2. The purse I've been guilt-riddenly working on. I should be working on my afghan, but I got inspired to make a purse which I may end up keeping instead of selling because I like it. I may post it to Etsy though as a custom order. *Strokes goatee* Yes, that will be a marvelous idea. Oh, and I may publish the pattern since I made it up. Now, if only I could be as inspired to write as I do to craft...

3. My mother has recently begun obsessing over Facebook. Namely, she loves the Flare application and has thus wanted to buy a button press and recreate her favorite Flare buttons. My sister is pretty iffy about the whole thing, but I think it's a pretty good idea, and it'll be a lot of fun. My mother and I did take a Photoshop class together, after all. She told me last night that she wants her first button to be "'Stressed' spelled backwards is 'dessert'."

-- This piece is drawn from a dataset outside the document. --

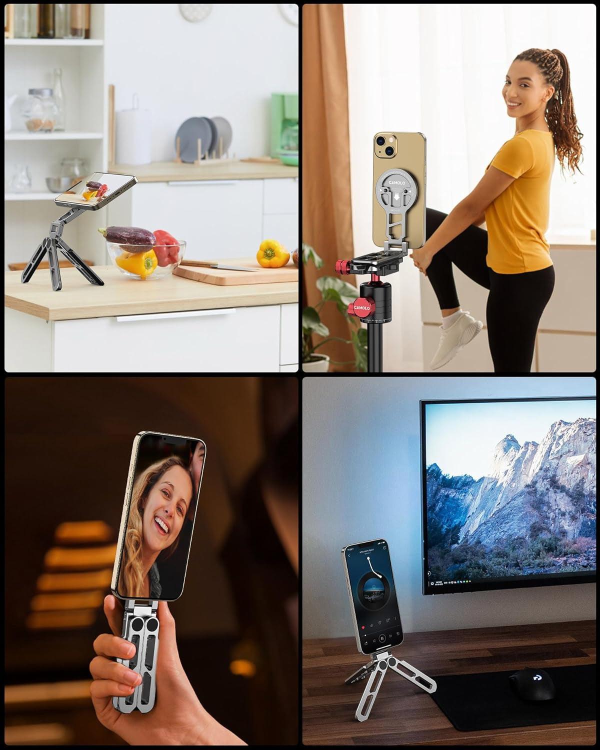 Maximize your phone's potential with the CAMOLO Magnetic Pocket Phone Tripod. This compact and travel-friendly tripod is compatible with Magsafe for iPhone 15-12 Plus Pro Max series. It features a foldable design and a magnetic pocket for easy storage. Upgrade your photography game now!

4. Headbands. Lots of headbands. I bought some clearance sale fabric and now I have to buy some bulk packages of plastic headband bases (and a sewing machine might help). I also need to figure out a pattern for it. This may be the most difficult of my crafting endeavors, but potentially the most profitable.

5. Crocheted jewelry. I think it's a fantastic idea. And it gives me more reason to spend all of my hard-earned money (money that I make by playing with other people's money all day) at Hobby Lobby.

My final goal for this summer is to do all of these hobbies with my friends because that's what makes it fun. And if you have fun doing all these things, it doesn't matter if they don't sell or even look good because you had fun making them, you know?

Saturday, May 24, 2008

She waits at the window, wearing a face that she keeps in a jar by the door.

I haven't started a new blog in a long, long time. I find I never know what to say as my first post. I hope this will mainly be for my crafty projects and my friends who also have crafty projects, but who knows, it may develop into something else entirely.

I'll post something slightly more relevant tomorrow maybe.